We call it pussytoes but it is also called Indian tobacco. 
The plants are either male or female and the girls get a little touch of crimson. 
Yay for girls! 
This wildflower is in the same family with daisies and sunflowers.


I have walked this route many, many, many times over the years and never saw this wildflower before! 
It is called wood betony and is a common lousewort. 
It is usually light yellow but can be tinged with pink or purple. 
It might not surprise you to know that this wildflower is in the snapdragon family.



White clover.


This little wildflower is little and I mean little! 
“How little is it?” you ask. 
Here is a picture for perspective. 
Here it is next to a yellow buttercup and you know buttercups are little. 
“What is it?” you ask.
This cracks me up. It’s called corn salad and it’s an herb.



Fooled me — until I got closer. 



Don’t know.


 Hairstreak.


An assassin bug on a honeysuckle. 


This one is called black medic and is in the pea family.



This is one of the many varieties of buttercups called Harvey’s buttercup.


My attempt to capture a dragonfly in flight. 
Do you see what is lurking in the water under him?



A daddy long legs, or harvestmen spider on an un-bloomed bergamot. 
I love the bergamot and can’t wait for it to open.


Nother spider.


I think these are raspberry blooms because I thought raspberries bloom before blackberries which come on later in the summer.
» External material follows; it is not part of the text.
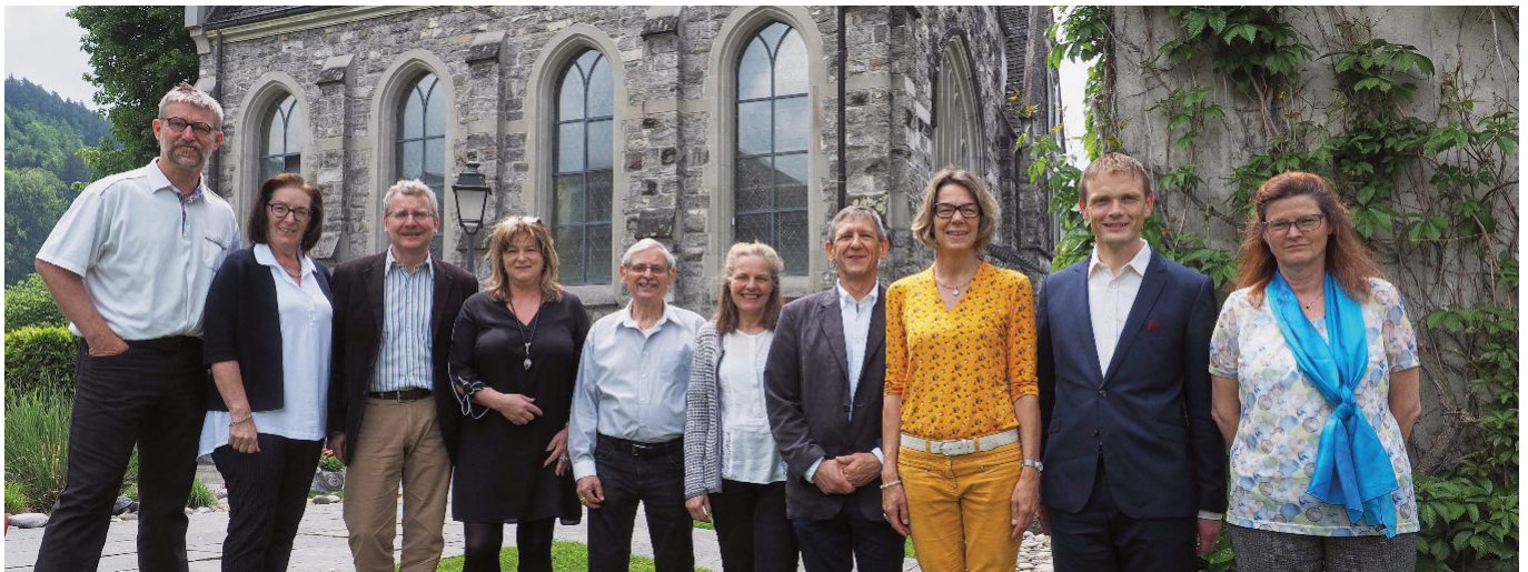
Kirchgemeinderat mit Pfarrer, Sekretärin und Sozialdiakon

My cute little redheaded brother says he believes the blooms come on about the same time for both species of berry.
I can’t decide which photo to show you so you get to see four of them. 





I found a columbine growing wild. It may have escaped from a garden someplace or it could be a wild one. I didn’t know they came in this color, I thought they only came in red color. 
“Oh no!” my friend Margaret said when I asked her if she knew what it was. “That’s a columbine. They come in lots of colors!” 
I brought one home and put it in an empty cinnamon jar with some water. The holes for the shaker kept him upright. 



A pretty iridescent green sweat bee on a honeysuckle.


A pretty pearl crescent.


A skipper.


Wild garlic!


See him?


Black locust.


Look what they did to the trees!
Sigh.
I have to remember that when one thing goes, it makes room for something else to grow.


This is called clovers, but it has two other names too; bedstraw and goose grass. 
This is one of the little devils that will stick to your clothes.


Oxeye daisies with foliage flower spiders, also called crab spiders. 
I don’t know what that other bug is.



See him?


Damsel flies.


This is two shots of the same ladybug, just for my friend Barb, who is a ladybug lover. 



A pretty lemon yellow flag.


I love the blue-eyed grass flowers.


A nest among the cat tails.


Multiflora roses. They are invasive but they still smell like roses.


Fooled me.


Itsy cracks me up. 


Some kind of a hopper on a buttercup.


Well guys, I think we will call this one done!